To put that slow tech advance in perspective:
It took the Solomani to go from TL0 in 5493 B.C to TL4 in about 1800AD. That's about 7300 years. Then it took another 200 or so years to get to about TL 6/7.

What made the Solomani so conservative during those first few thousand years?

Or, maybe the question is: "What made the Solomani suddenly explode onto the technological scene after TL4, compared to its own earlier progress or compared to other branches of Humaniti in general?" The other branch of Humaniti that had similar progress were the Darrians, and that only occurred after their contact with the Solomani.

Necessity is the mother of invention, and during those first few (hundred) thousand years human population density was very low, which meant that there was very little necessity for invention. And new inventions meant that the population was able to grow more quickly, which in turn meant more necessity for invention, creating a self-reinforcing cycle that lead to the explosion of tech level observed in the Solomani.
 
Ruling classes sponsoring individuals with innovative concepts and the ability to realize them, and war, and war by other means.
 
mike; in CT I think there was some confusion about TLs, where people thought TLs were licensed or had a cap or ceiling on certain worlds, while other worlds were granted permission to produce items at a given or maximum TL.

I think T5 and GURPS explain TLs as the average TL typically found on a given world or in a given system, but not really restrained by Imperial edict so much as being restrained by trade; i.e. how far off the beaten path is a given world

=> how often do merchies visit said world / system
=> how much tech is sold there
=> how much tech is used; i.e.
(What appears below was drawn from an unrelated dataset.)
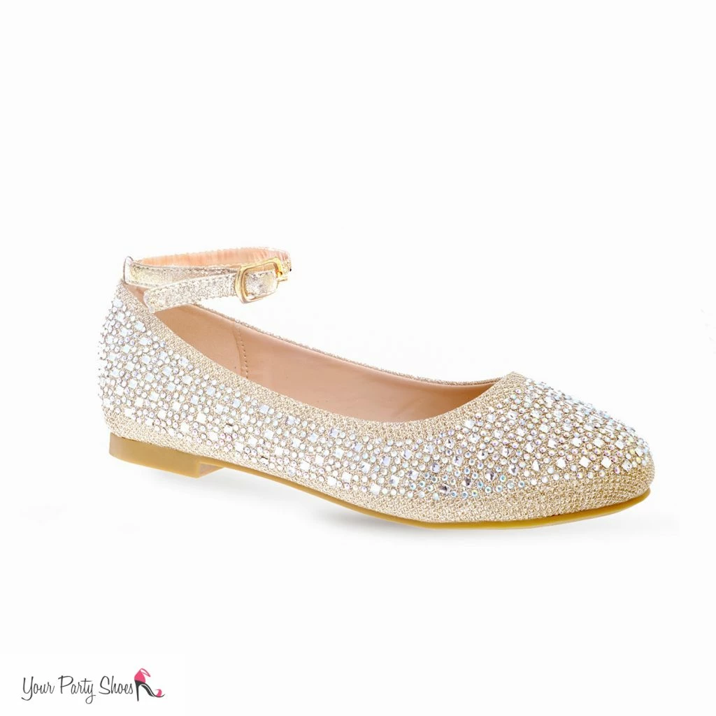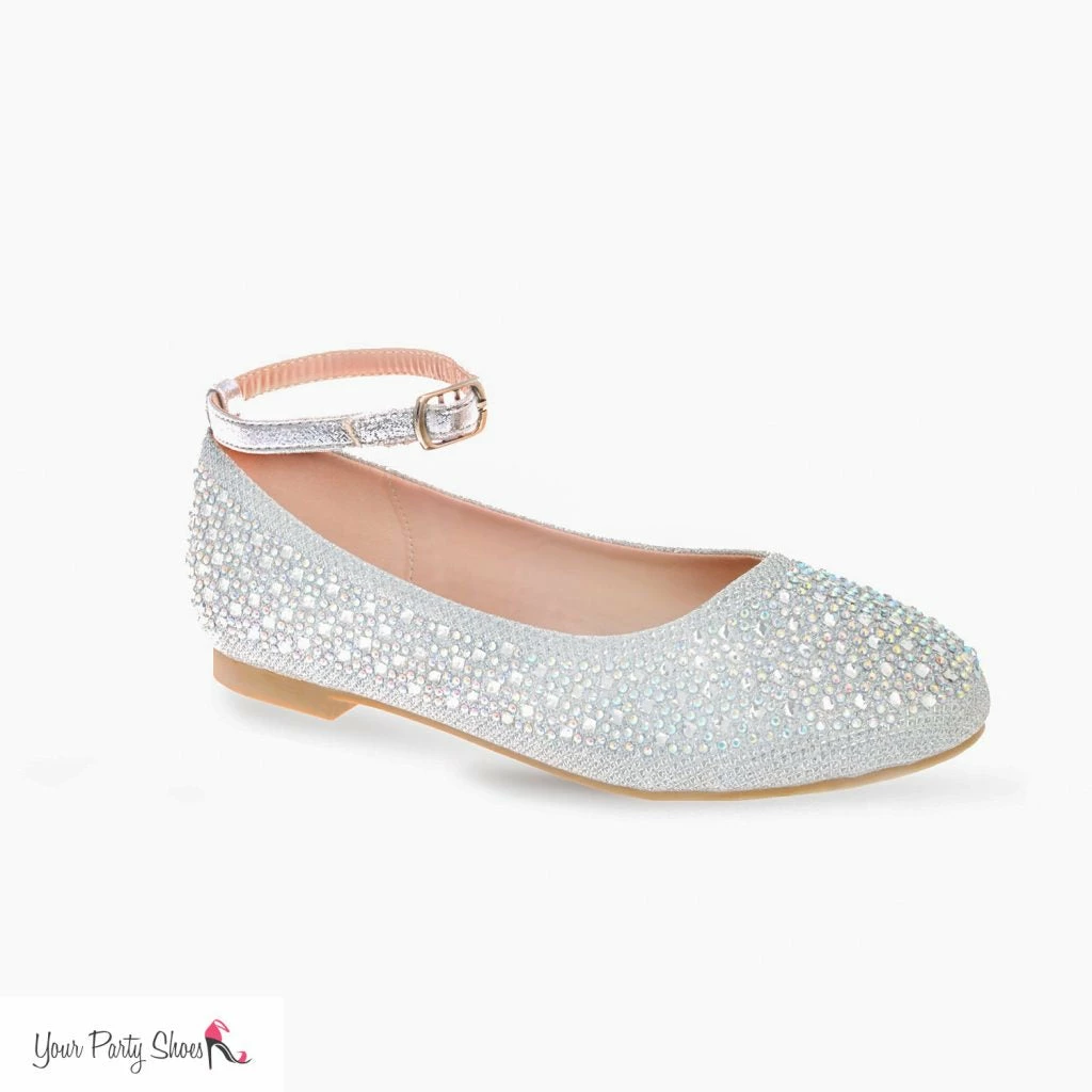 Your Party Shoes Lanie Girls Glitter Heels Embellished with Crystals & Rhinestones. Perfect for any Formal Event!

TL

As for advancing technology itself, which is what you wanted to talk about, I think it's more or less the fact that the Droyne seeded the Vilani, a somewhat more docile breed of humanity than us upstart Terrans / Solis, and as such were not as keen on innovation.

At least that's how I read the flavor fiction in all the Vilani related material.

I hope some of what I wrote makes sense.
 
Makes you wonder what kind of insights such a cache of knowledge would provide, who's to say there are not other relatively lower tech paths we have simply not thought of that some other culture/race did?
 
The cybernetics thing is cultural, and mostly a Vilani thing, IIRC, though it has become an "Imperial" thing since. Its origins are Vilani pre-history,and the meta-game desire to keep PCs from going whole-body borg just to get stupid about combat.

Notably, the Lancia Cultural Region has no such compunctions.
 
Well it has baffled me, and it still does, because cyborgism was addressed briefly in either JTAS or Challenge, but otherwise seemed be a sore issue with Traveller as a whole.

Cybernetics has been addressed in T5, but I'm still not seeing a whole lot of discussion about ... until here, and maybe one or two other topics in the past.

I don't know ... is it a "big thing" now?
 
Well it has baffled me, and it still does, because cyborgism was addressed briefly in either JTAS or Challenge, but otherwise seemed be a sore issue with Traveller as a whole.

Cybernetics has been addressed in T5, but I'm still not seeing a whole lot of discussion about ... until here, and maybe one or two other topics in the past.

I don't know ... is it a "big thing" now?

Remember that the Cyberpunk Movement came and went entirely within the lifespan of Traveller, though some seminal works were around before, most notably John Brunner's Shockwave Rider, and The Six Million Dollar Man. Recognizing that this was an element of "the future" GDW wrote the possibility into the early JTAS article on robots, but left details to the imagination. Given the constraints of a 2d6 system, that wasn't a bad choice. Detailing such things later in CT would have looked like hopping on the cyberpunk bandwagon, and aside from the Computer Implant in JTAS, GDW avoided it. DGP certainly made that jump though, first with AB-101 and later with the medical articles in the Digest. The "punk" attitudes toward cybernetics were to manifest in the Lancia Cultural Region, as detailed by the Signal GK fanzine, but Traveller as a whole continued to avoid the social elements.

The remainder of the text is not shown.